In 2009, you came to the United States and said you would tell the world the truth behind the AIDS epidemic in China. What is that truth?

People campaigning for AIDS awareness at a section of the Great Wall, in Tianjin, in September.

The root of AIDS in China was the plasma market, which was introduced not only in Henan but in other provinces as well.
Henan was severely affected, however.
From the late 1980s to early 1990s, the plasma market took off in several parts of Henan.
Then Liu Quanxi became director of the Henan Health Department and strongly pushed the policy, which encouraged farmers to sell their blood.
From 1992 to 1998, as a result of the administration of [the provincial party secretary] Li Changchun, blood-selling became an established “industry.”
In a few years, blood stations had spread everywhere in Henan.
Only about 230 of them were licensed.
There were countless illegal ones.
The places with the most blood stations then are the places with the most severe AIDS problem now. From 1998 to 2004, under [now Premier] Li Keqiang, who succeeded Li Changchun in Henan, the AIDS incubation period, which is five to eight years, passed, and a great number of people infected with H.I.V. began showing AIDS symptoms and died.
AIDS not only killed individuals but destroyed countless families.
This was a man-made catastrophe. 
Yet the people responsible for it have never been brought to account, nor have they uttered a single word of apology.
I am very angry now.
Why?
In 2004, the government, which had begun to acknowledge the existence of the AIDS epidemic, sent medical teams to 38 “AIDS villages” in Henan.
Yet there were so many other people in Henan who did not get the needed treatment, not to mention those in other provinces.
In 2004, the Chinese government began to register AIDS patients and put out this policy: Those with symptoms would get 200 renminbi each month.
Those who didn’t yet show symptoms would get 150 renminbi.
This came with a condition, however, which was that one must write “sexual transmission” under “cause of infection,” because the authorities had ordered that “blood transmission” not appear in the questionnaire.
They hid the truth from the public. 
They wouldn’t let the victims say it was blood transmission, only homosexual activity or drug use or prostitution.
Since the officials suppressed information about the epidemic while cracking down on anyone who tried to report the facts or go to Beijing to file petitions, the epidemic wasn’t contained in time but kept getting worse.
On Dec. 18, 2003, Vice Premier Wu Yi met with me and we spent three hours discussing the problem.
She said, “Someone told me that the main routes of AIDS infection in China are drug use and sex.”
I said, “That’s a lie. If you don’t believe me I can call a rickshaw and pull you there myself so you can see what’s happening.”
She finally believed me, but soon the toadies were around her again and telling her homosexuality and sex were the main causes.
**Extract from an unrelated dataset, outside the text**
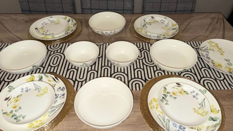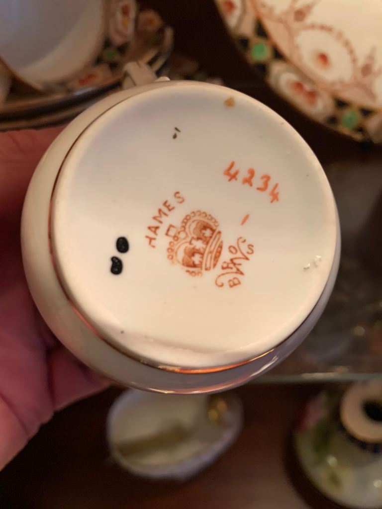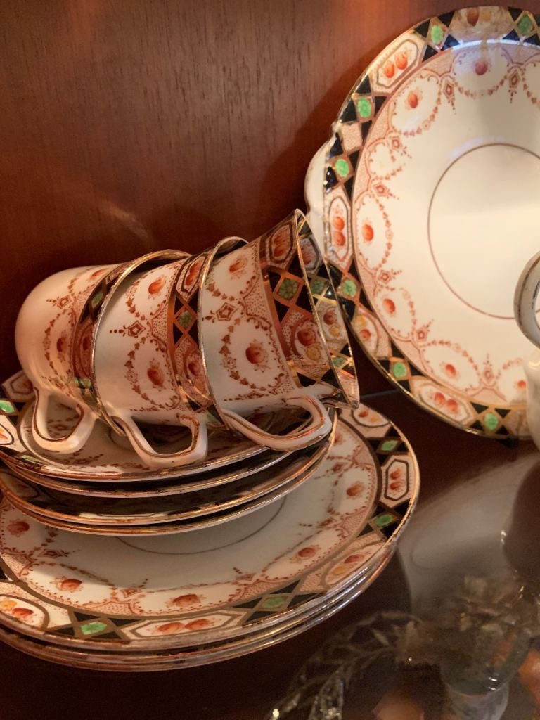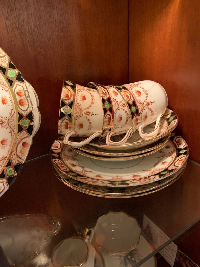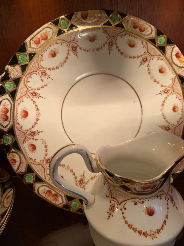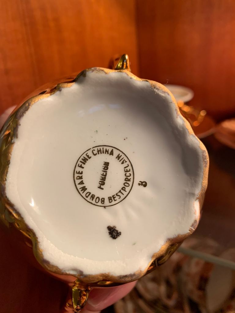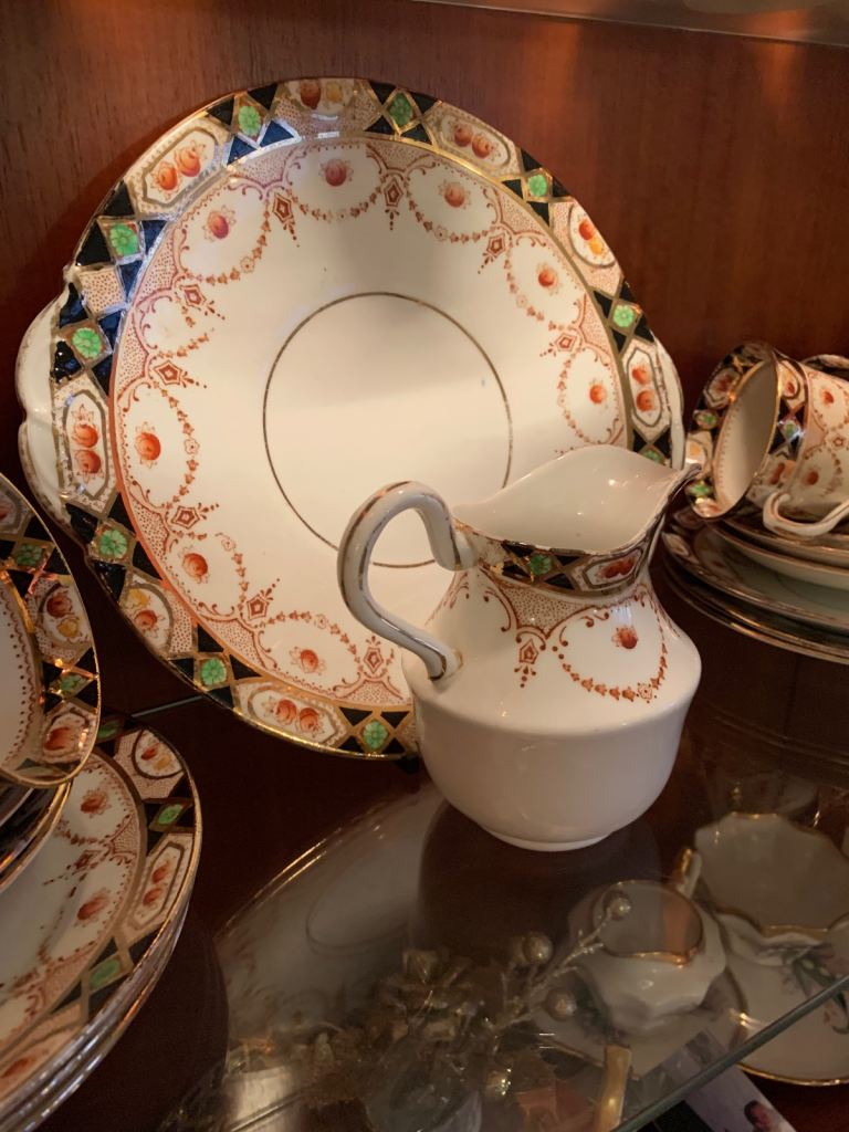 Lovely Bestporcel Bondware tea set, featuring cups, saucers, and a creamer.

Have official attitudes changed under Xi Jinping?
It must be said that the government indirectly admits the existence of the plasma disaster.
I have two pieces of evidence: One is Xi Jinping’s wife, Peng Liyuan.
In September 2015, in her speech at the United Nations, Peng mentioned a 5-year-old orphan named Gao Jun.
He is now 15 and is from Anhui Province.
His parents were infected with H.I.V. from selling blood.
He was the first person affected by the epidemic Peng had come into contact with after she became the [Health Ministry’s] ambassador for H.I.V./AIDS prevention [in 2006].
The other evidence is from December 2015, when the AIDS orphans project of Du Cong’s Chi Heng Foundation was awarded the China Charity Award by the Ministry of Civil Affairs.
Du Cong, who had came to China’s rural areas in 2002 for a work project, started to help orphans after seeing the situation in the AIDS villages.
So far, the foundation has raised about 200 million renminbi [$29 million] and helped more than 20,000 people, including more than 600 orphans.
On the other hand, the Central Committee’s Leading Group for Inspection Work sent a team to Henan in 2014 for a two-month investigation.
The first day that they stayed at the Yellow River Hotel in Zhengzhou, more than 300 plasma market victims gathered in front of the hotel to submit their complaints.
But they were warded off by officials and the police.
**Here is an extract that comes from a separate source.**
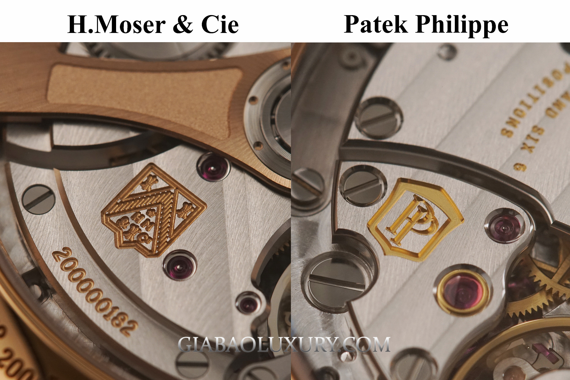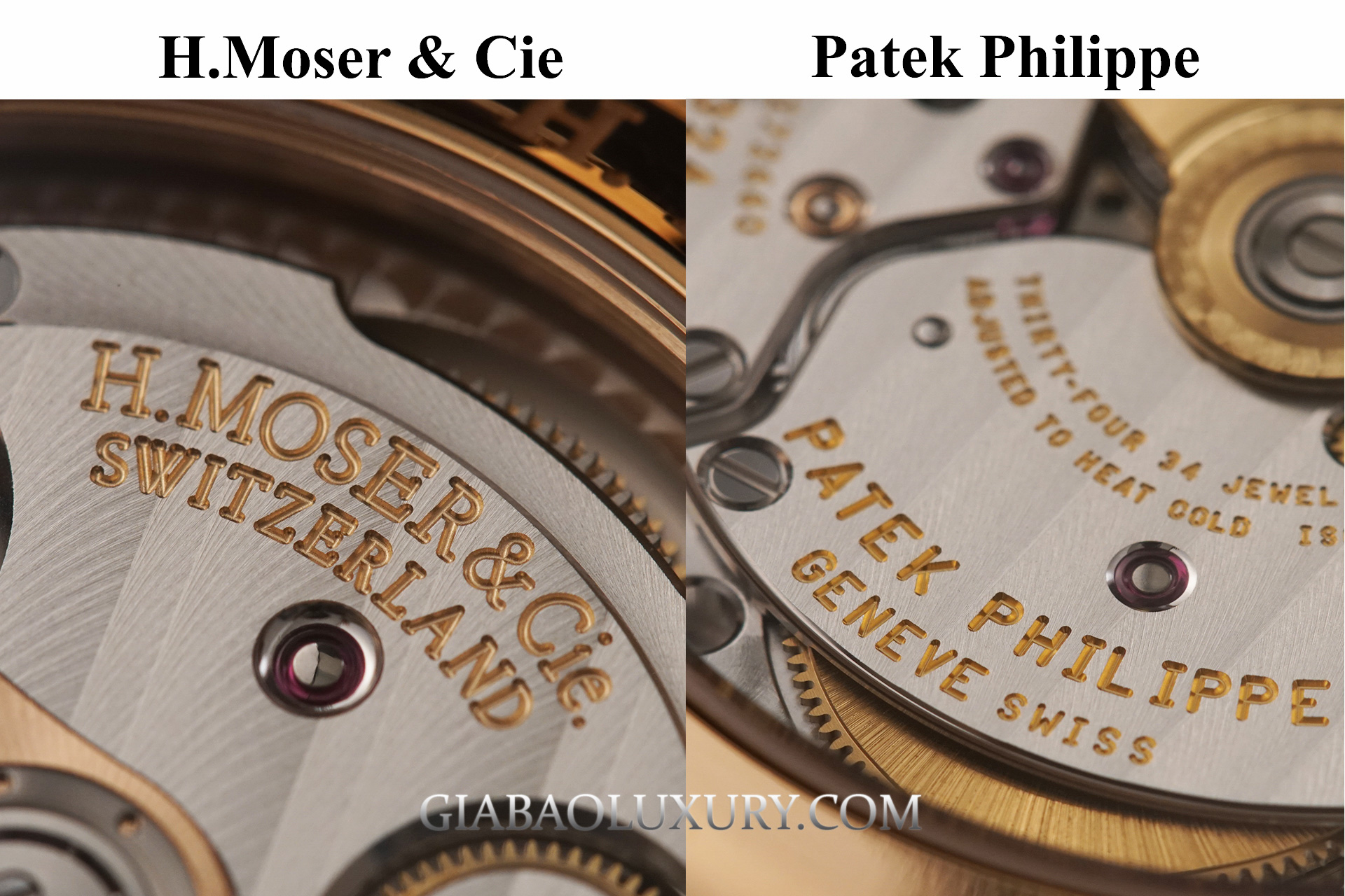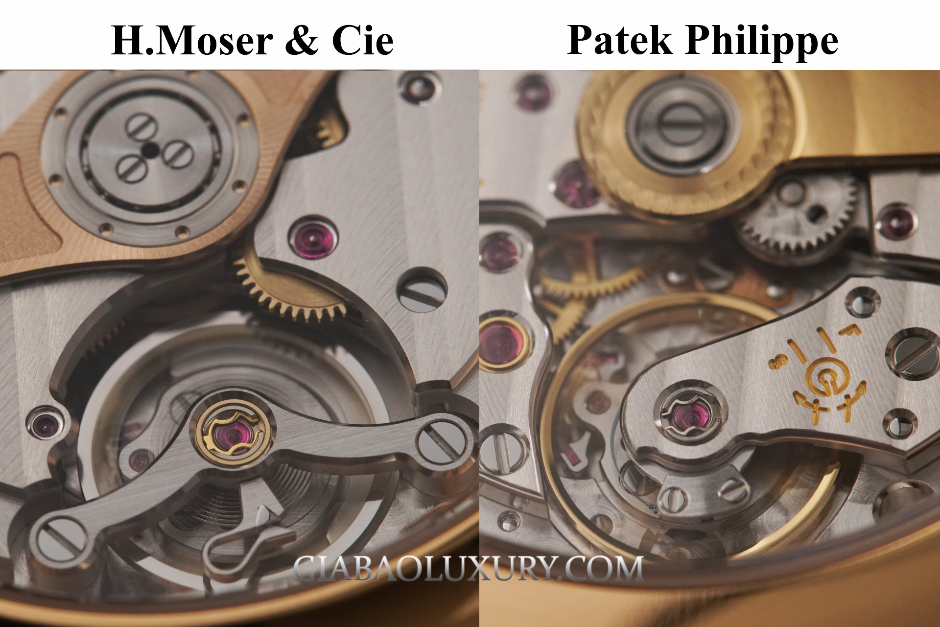 Tiếp đến, chúng ta sẽ xét tới bộ máy đồng hồ. Cả hai bộ máy đều có độ hoàn thiện cao, với những đường vân sọc, chải xước, vát cạnh đầy đủ. Nếu xét về ngoại hình, bộ máy của H. Moser trông sẽ đặc biệt hơn một chút với cầu nối được trang trí bởi những đường vân sọc đôi đặc trưng của thương hiệu.

Is the blood disaster under control now?
In 1995, Henan Province began closing some blood-collecting stations.
However, illegal blood stations are still active.
Last year, I read four news reports about illegal blood stations, three in Beijing, one in Nanjing.
Of course, there must be some illegal blood stations that have not been detected.
And I think the spread of H.I.V. is not totally under control.
Last year, I read a report about a woman who was infected with H.I.V. through a blood transfusion during surgery in Tongxu County, in Henan, which indicates there are still problems with blood donors.
Unfortunately, the victims are farmers, and most of them are illiterate.
They don’t know what happened to them.
They don’t know how to speak up for themselves.
They think this happened because of an unavoidable fate.
In recent years, they have begun petitioning for their rights, but their situation is still very bad.

How is your life in America?
Because I can’t speak English, I don’t go out that often.
Every month I pay $2,000 for my apartment.
The money comes from funds Professor Andrew Nathan [of Columbia University] raised for me.
Since I didn’t work in the United States in my younger days or pay taxes, I feel rather uncomfortable asking the government for assistance.
But in fact I am being taken care of by the United States.
Every month I get $87 worth of food stamps.
All my renumerations and award money goes to buying copies of my books and donating them.
For some time, I’ve had high blood pressure and blood clots in my left leg.
In the past three years, I’ve hardly been able to walk.
A caretaker is with me 24 hours a day.
My life in the United States is busy.
I receive at least six letters a day.
And I have many visitors.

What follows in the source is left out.